• [Requirement]: Below are records with pictures. Reproduce exactly the lines from the line with "Lame gravée sur" to the line with "실루엣에 퍼프 소매가 특징.", inclusive, and leave each picture out.

• [Available data]:
++++

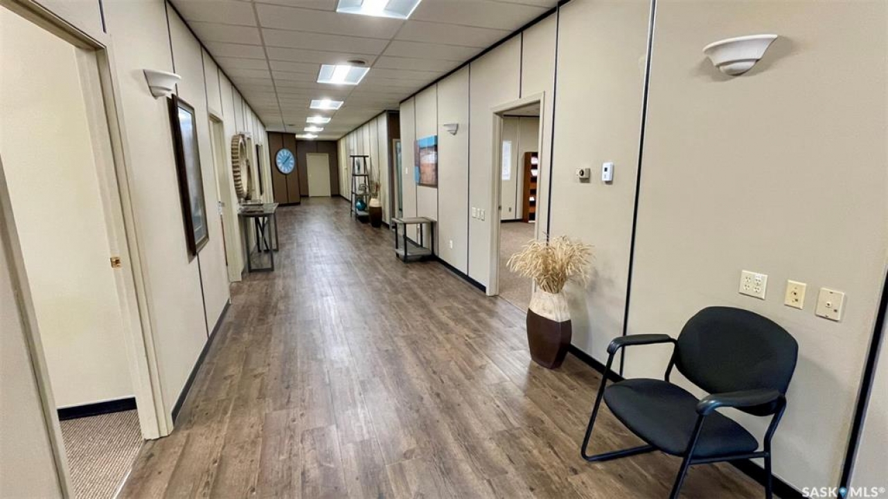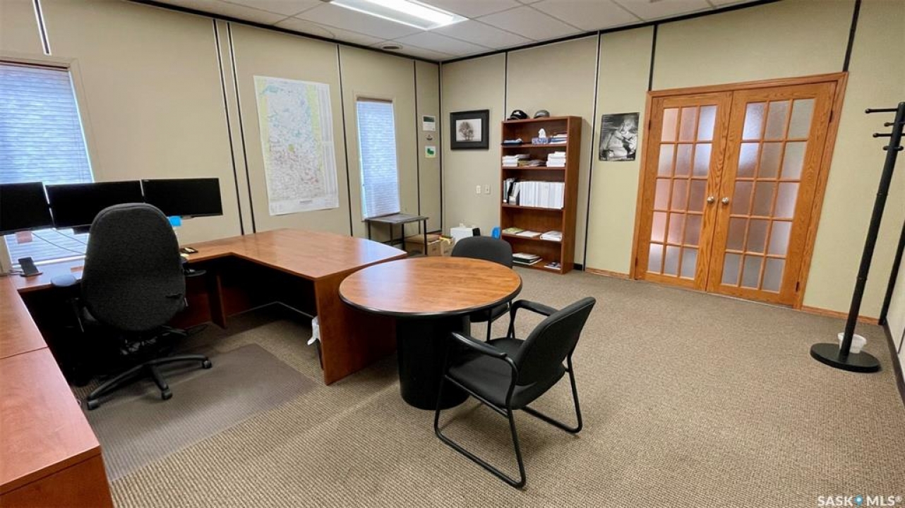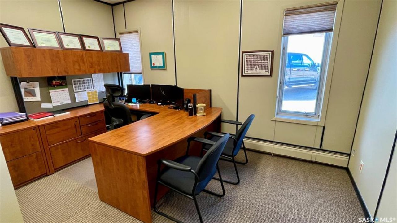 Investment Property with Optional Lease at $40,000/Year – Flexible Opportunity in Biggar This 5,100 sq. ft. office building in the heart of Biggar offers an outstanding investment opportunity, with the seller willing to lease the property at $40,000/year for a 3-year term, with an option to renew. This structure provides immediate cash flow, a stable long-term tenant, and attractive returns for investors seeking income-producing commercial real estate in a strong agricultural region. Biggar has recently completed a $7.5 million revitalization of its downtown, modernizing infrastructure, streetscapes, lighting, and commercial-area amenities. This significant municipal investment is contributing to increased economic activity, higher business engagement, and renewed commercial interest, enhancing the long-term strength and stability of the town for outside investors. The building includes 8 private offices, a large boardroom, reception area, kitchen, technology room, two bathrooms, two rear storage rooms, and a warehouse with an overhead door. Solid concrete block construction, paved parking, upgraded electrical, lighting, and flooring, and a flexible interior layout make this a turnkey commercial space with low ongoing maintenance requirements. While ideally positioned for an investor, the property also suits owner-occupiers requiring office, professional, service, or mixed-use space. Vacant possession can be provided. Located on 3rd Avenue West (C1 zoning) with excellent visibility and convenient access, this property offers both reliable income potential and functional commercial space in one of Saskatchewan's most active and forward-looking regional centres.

++++

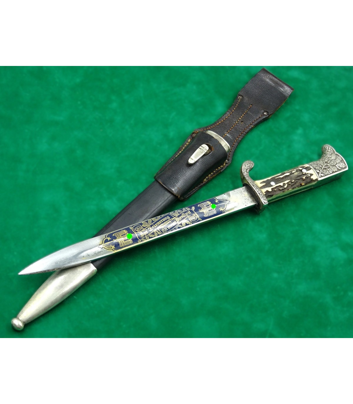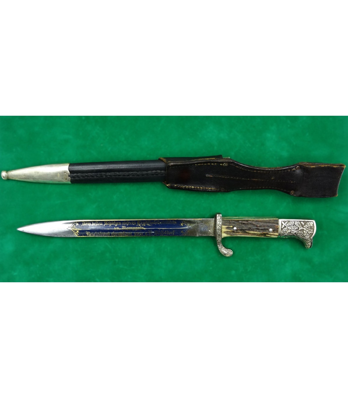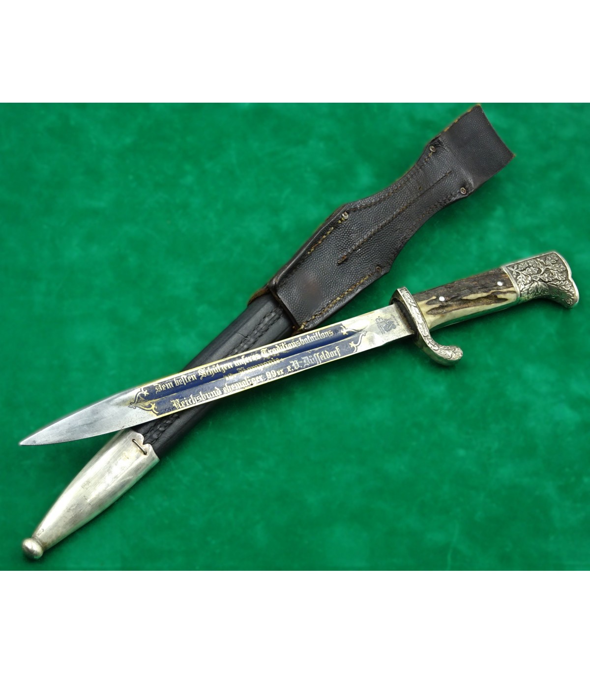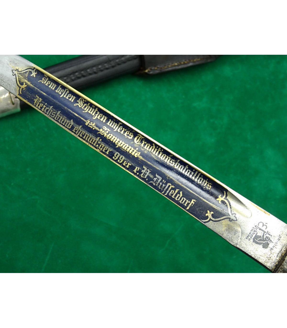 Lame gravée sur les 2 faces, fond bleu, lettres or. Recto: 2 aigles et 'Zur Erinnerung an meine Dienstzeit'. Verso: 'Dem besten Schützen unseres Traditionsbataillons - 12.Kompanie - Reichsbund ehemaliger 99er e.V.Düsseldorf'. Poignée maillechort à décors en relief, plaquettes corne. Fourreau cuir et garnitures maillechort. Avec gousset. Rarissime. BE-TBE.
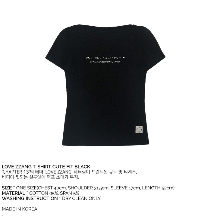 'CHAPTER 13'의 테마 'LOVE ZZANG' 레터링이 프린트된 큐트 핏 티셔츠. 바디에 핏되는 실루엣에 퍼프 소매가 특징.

++++

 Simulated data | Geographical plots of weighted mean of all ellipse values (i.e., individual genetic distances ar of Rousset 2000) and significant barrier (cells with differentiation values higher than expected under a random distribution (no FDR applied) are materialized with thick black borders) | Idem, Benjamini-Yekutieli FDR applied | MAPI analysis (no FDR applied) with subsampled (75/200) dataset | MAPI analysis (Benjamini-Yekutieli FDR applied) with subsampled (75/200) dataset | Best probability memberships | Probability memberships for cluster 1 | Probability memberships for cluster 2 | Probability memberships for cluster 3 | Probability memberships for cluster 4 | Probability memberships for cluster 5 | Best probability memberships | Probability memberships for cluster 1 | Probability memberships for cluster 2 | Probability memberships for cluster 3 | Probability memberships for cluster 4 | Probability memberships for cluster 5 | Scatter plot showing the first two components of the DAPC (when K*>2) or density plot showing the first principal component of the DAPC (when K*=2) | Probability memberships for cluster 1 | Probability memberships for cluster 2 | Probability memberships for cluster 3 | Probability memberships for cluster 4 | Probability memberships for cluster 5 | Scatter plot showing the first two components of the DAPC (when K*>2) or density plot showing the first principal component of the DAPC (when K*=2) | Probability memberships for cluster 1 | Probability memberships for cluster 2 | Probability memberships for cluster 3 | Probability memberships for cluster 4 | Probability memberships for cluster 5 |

++++

• [Your solution]:
 Lame gravée sur les 2 faces, fond bleu, lettres or. Recto: 2 aigles et 'Zur Erinnerung an meine Dienstzeit'. Verso: 'Dem besten Schützen unseres Traditionsbataillons - 12.Kompanie - Reichsbund ehemaliger 99er e.V.Düsseldorf'. Poignée maillechort à décors en relief, plaquettes corne. Fourreau cuir et garnitures maillechort. Avec gousset. Rarissime. BE-TBE.
 'CHAPTER 13'의 테마 'LOVE ZZANG' 레터링이 프린트된 큐트 핏 티셔츠. 바디에 핏되는 실루엣에 퍼프 소매가 특징.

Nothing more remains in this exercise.